- **THE TASK**
The expected output is the line with "拆解优先,降低压力:将复杂表达(如演讲、汇报)拆为多个 10 秒单元,每单元聚焦" plus all lines after it to the end of the material below, reproduced exactly, with pictures omitted and nothing else included.

- **SOURCE MATERIAL**
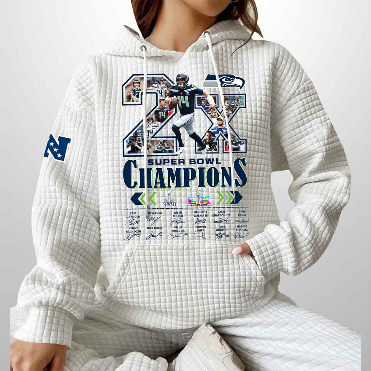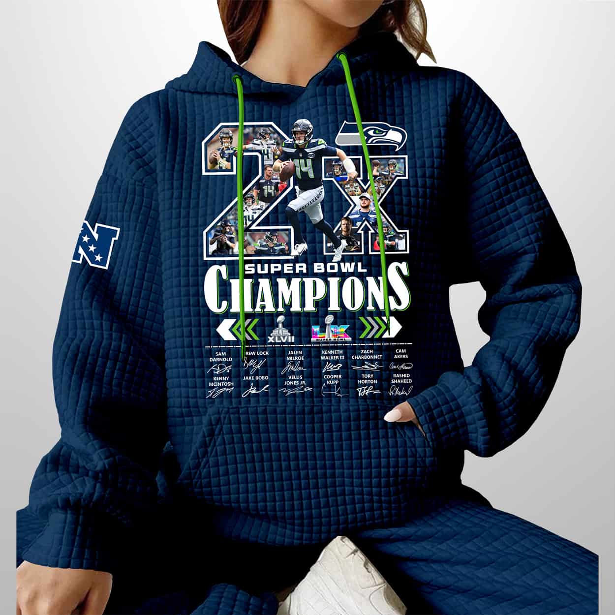 This hoodie is a championship celebration you can pull over your head. The front proudly declares “2X SB CHAMPIONS” filled by dynamic images of Seahawks players in action, creating a collage of grit and glory. Beneath the bold headline, small logos and text detail the years of Seattle’s victories, immortalizing the unforgettable SB XLVIII win and the thrilling SB LX triumph over the Patriots. On the sleeve, an “NFC” patch adds a touch of conference pride, while bright green drawstrings on the hood bring a pop of energy to the deep navy design.
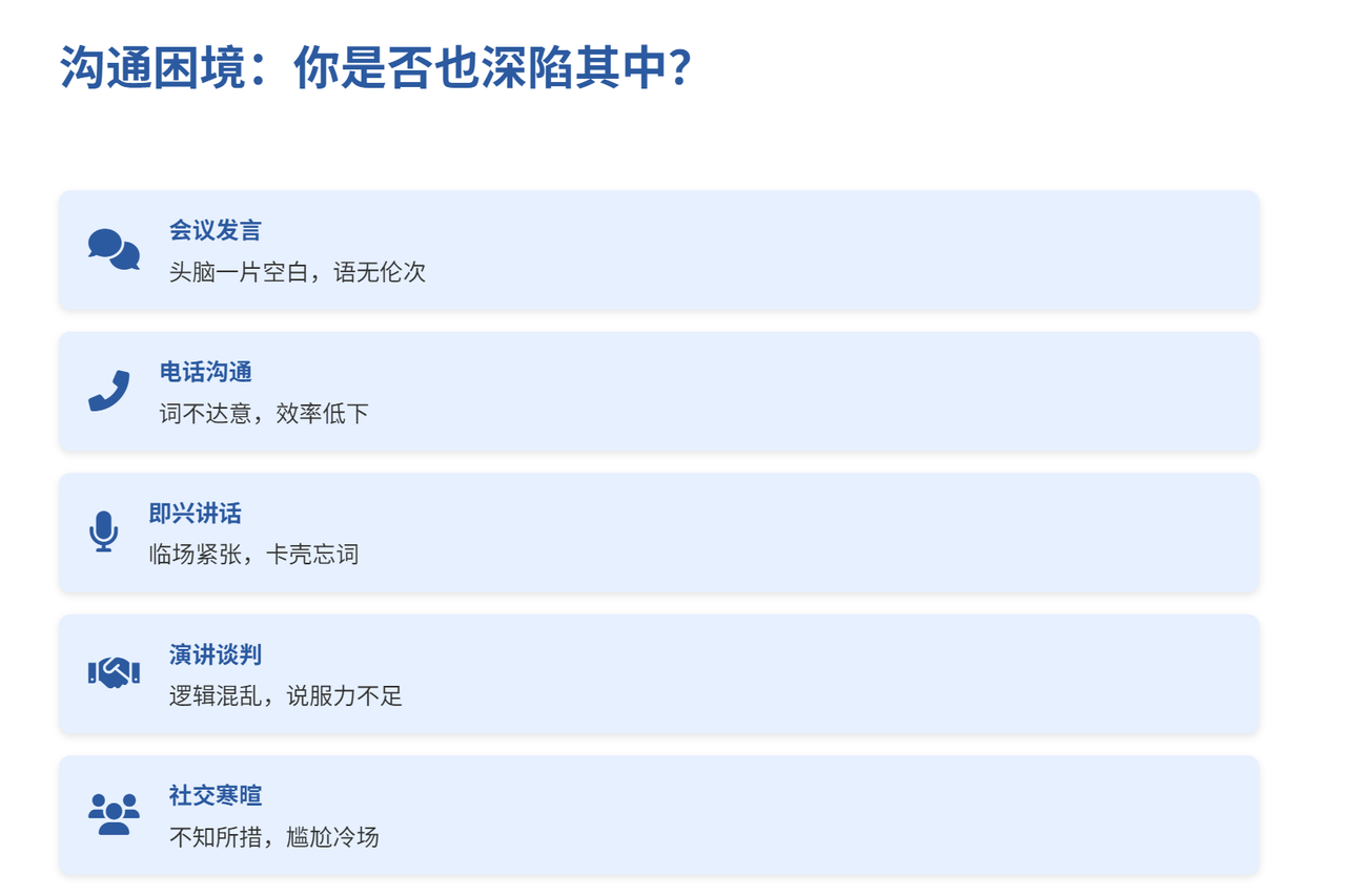 拆解优先,降低压力:将复杂表达(如演讲、汇报)拆为多个 10 秒单元,每单元聚焦 1 个要点。例如 1 分钟演讲 = 4 个 10 秒段落 + 3 个连接词,避免 “大脑空白”,新手也能逐步掌握。
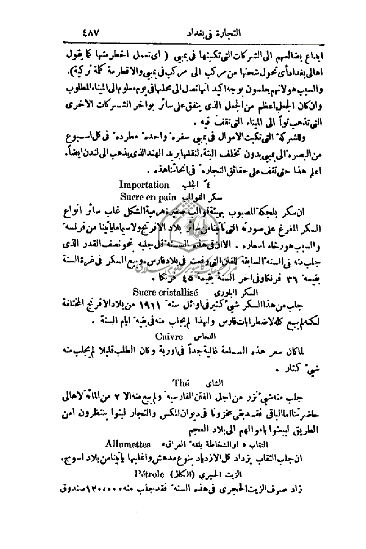 جلب من هذا السكر شيء كثير في أوائل سنة 1911 من بلاد الإفرنج المختلفة لكنه لم يبع كله لاضطرابات فارس ولهذا لم يجلب منه في بقية أيام السنة.

- **EXERCISE OUTPUT**
 拆解优先,降低压力:将复杂表达(如演讲、汇报)拆为多个 10 秒单元,每单元聚焦 1 个要点。例如 1 分钟演讲 = 4 个 10 秒段落 + 3 个连接词,避免 “大脑空白”,新手也能逐步掌握。
 جلب من هذا السكر شيء كثير في أوائل سنة 1911 من بلاد الإفرنج المختلفة لكنه لم يبع كله لاضطرابات فارس ولهذا لم يجلب منه في بقية أيام السنة.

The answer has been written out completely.